What the exercise asks:
From the first line of the entries below through the line holding "Electromagnetic force characteristics", write out every line exactly, please, and leave out the pictures.

Source data:

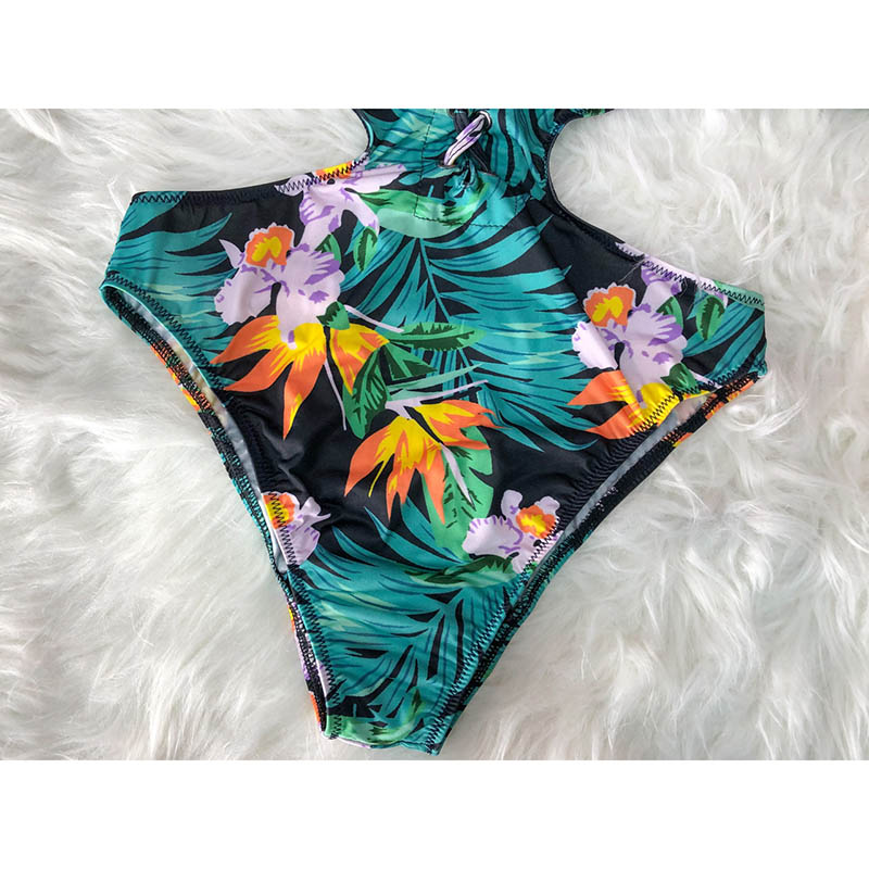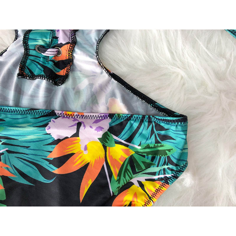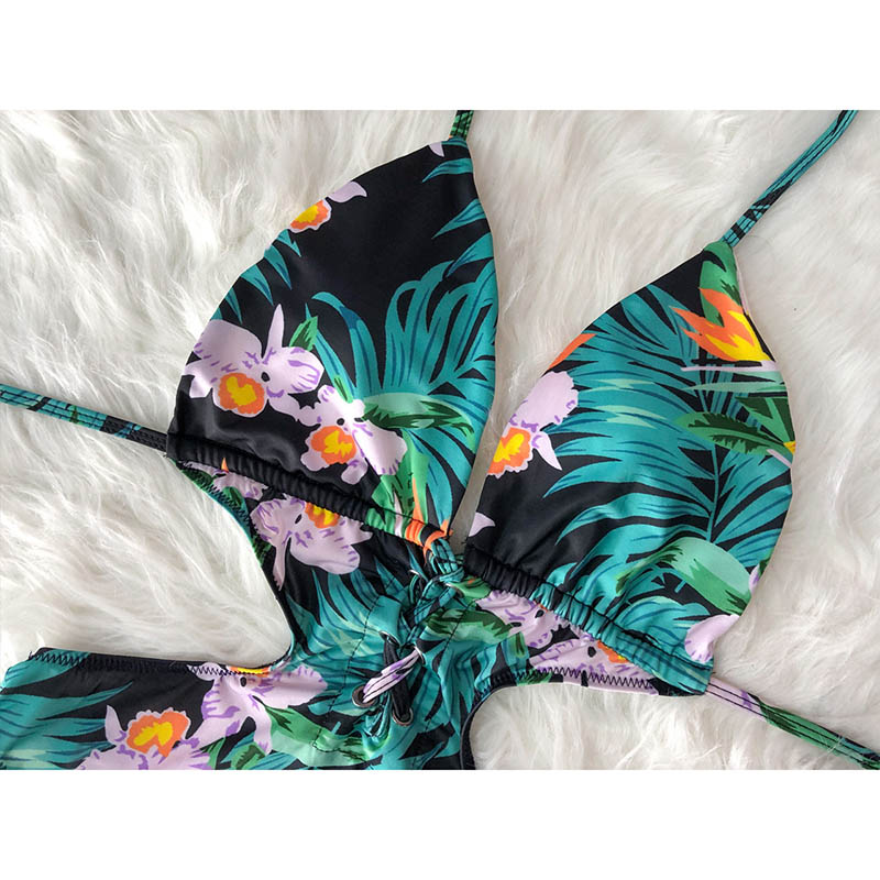 • Tropical Print Halter Crisscross Lace-Up Swimsuit #88211592149
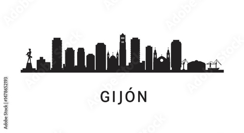 © godsfavoritearts, Fototapeta premium Gijon Skyline Spain cityscape Silhouette.
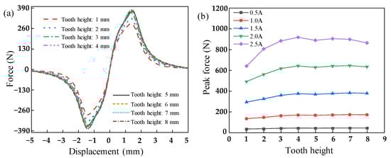 Electromagnetic force characteristics for different tooth heights: (a) electromagnetic force–displacement curve and (b) maximum electromagnetic force under different currents.
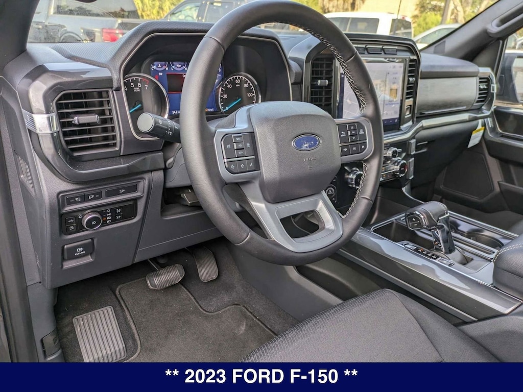 F-150 XLT, Carbonized Gray Metallic, Black Cloth, 10-Way Power Driver & Passenger Seats, 2-Bar Style Grille w/Chrome 2 Minor Bars, 360 Degree Camera, 8" Productivity Screen in Instrument Cluster, Accent-Color Step Bars, Auto High-beam Headlights, Auto Start-Stop Removal (DISC), Auto-Dimming Rear-View Mirror, Black 2-Bar Style Grille w/Black Surround/Accents, Body-Color Door & Tailgate Handles, Body-Color Front & Rear Bumpers, Box Side Decals, Brake assist, Bright Polished Step Bars, Center High-Mounted Stop Lamp CHMSL Camera Removal, Chrome Door & Tailgate Handles w/Body-Color Bezel, Chrome Single-Tip Exhaust, Class IV Trailer Hitch Receiver, Delay-off headlights, Dual Zone Electronic Automatic Temperature Control, Electronic Stability Control, Equipment Group 302A High, Exterior Parking Camera Rear, Fully automatic headlights, Heated Front Seats, Integrated Trailer Brake Controller, Intelligent Access w/Push Button Start, LED Reflector Headlamps, LED Sideview Mirror Spotlights, Onboard 400W Outlet, Outside temperature display, Overhead console, Panic alarm, Passenger vanity mirror, Power Glass Heated Sideview Mirrors, Power steering, Power windows, Pro Trailer Backup Assist & Pro Trailer Hitch Assist, Radio data system, Radio: AM/FM SiriusXM w/360L, Rear Under-Seat Storage, Remote keyless entry, Remote Start System w/Remote Tailgate Release, SecuriCode Drivers Side Keyless-Entry Keypad, Security system, Steering wheel mounted audio controls, SYNC 4 w/Enhanced Voice Recognition, Trailer Tow Package, Unique Sport Cloth 40/Console/40 Front-Seats, Wheels: 18" 6-Spoke Machined Aluminum, Wheels: 18" Chrome-Like PVD, Wrapped Steering Wheel, XLT Chrome Appearance Package, XLT Sport Appearance Package, Zone Lighting.
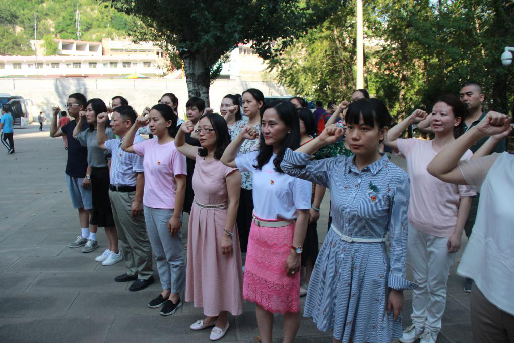 在毛主席悼念张思德的“为人民服务讲话台”,全体党员肃立在张思德的雕像前,在陈功老师的引领下,齐声诵读了毛主席为张思德同志而作的《为人民服务》篇章;随后,大家面对党旗,庄严举起右手重温入党誓词。
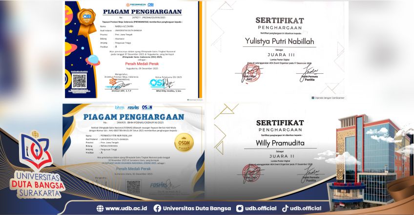 Prestasi ini menjadi bukti nyata kualitas pendidikan dan bimbingan di lingkungan UDB Surakarta. Berikut adalah daftar mahasiswa berprestasi tersebut: 1. Nabila Az Zahra: Meraih Medali Perak pada Olimpiade Sains Indonesia (OSI) bidang Akuntansi tingkat Mahasiswa; 2. Permata Fitri Nur Fadillah: Meraih Medali Perak pada Olimpiade Sains Djuanda Nasional (OSDN) bidang Bahasa Indonesia tingkat Mahasiswa; 3. Asti Agustin: Meraih Medali Perunggu pada Olimpiade Sains Djuanda Nasional (OSDN) bidang Akuntansi tingkat Mahasiswa; 4. Willy Pramudita: Meraih Juara 2 Lomba Poster Digital kategori Umum; 5. Yulistya Putri Nabillah: Meraih Juara 3 Lomba Poster Digital.
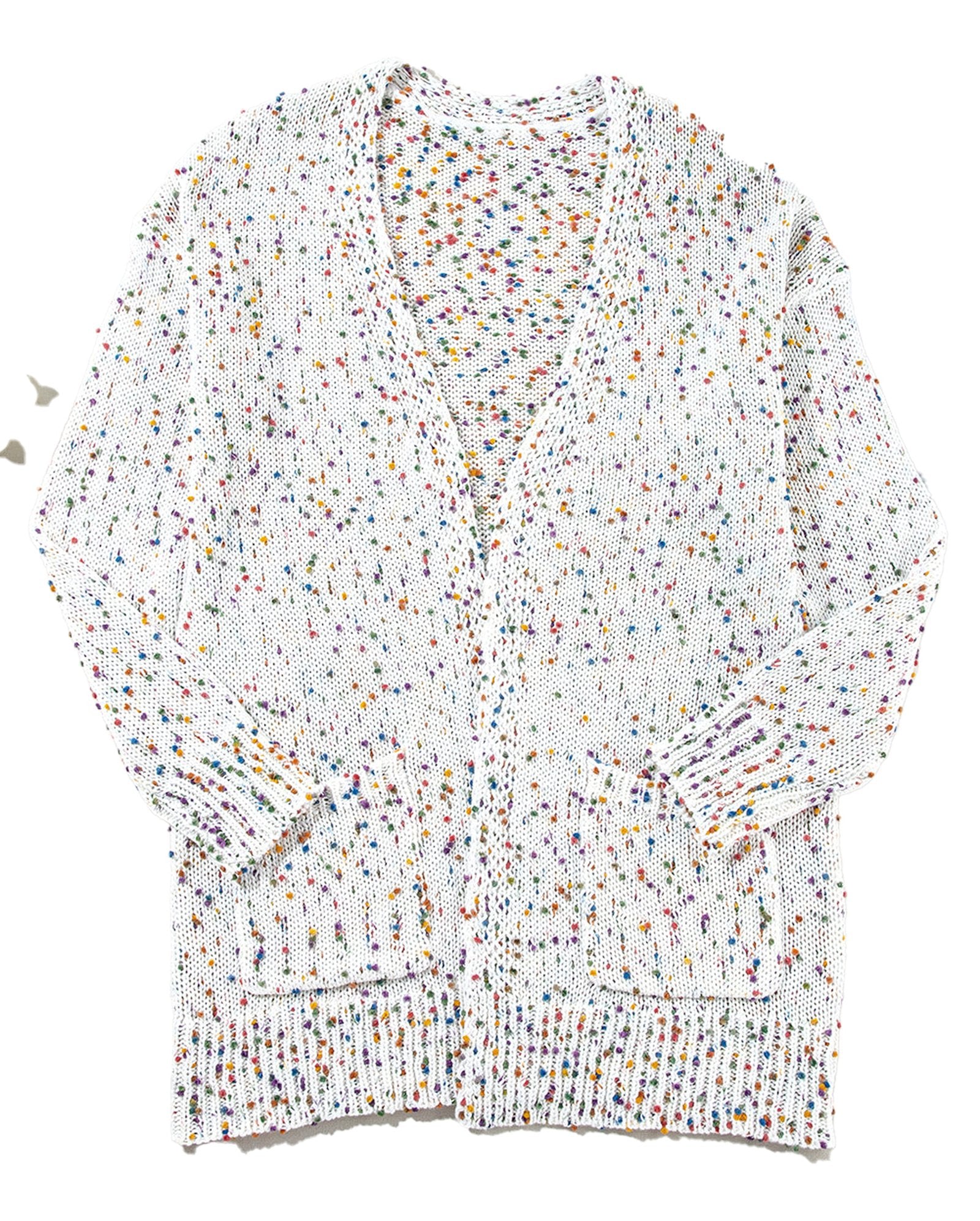 Introducing the white confetti rib knit cardigan, a perfect blend of style and comfort from LuckeLadybug LLC. This cardigan features a unique rib knit texture, adding an interesting twist to your everyday wardrobe. With its playful confetti design, it brings a fun pop of color to any outfit, making it an essential piece for your collection.

Exercise response:
 • Tropical Print Halter Crisscross Lace-Up Swimsuit #88211592149
 © godsfavoritearts, Fototapeta premium Gijon Skyline Spain cityscape Silhouette.
 Electromagnetic force characteristics for different tooth heights: (a) electromagnetic force–displacement curve and (b) maximum electromagnetic force under different currents.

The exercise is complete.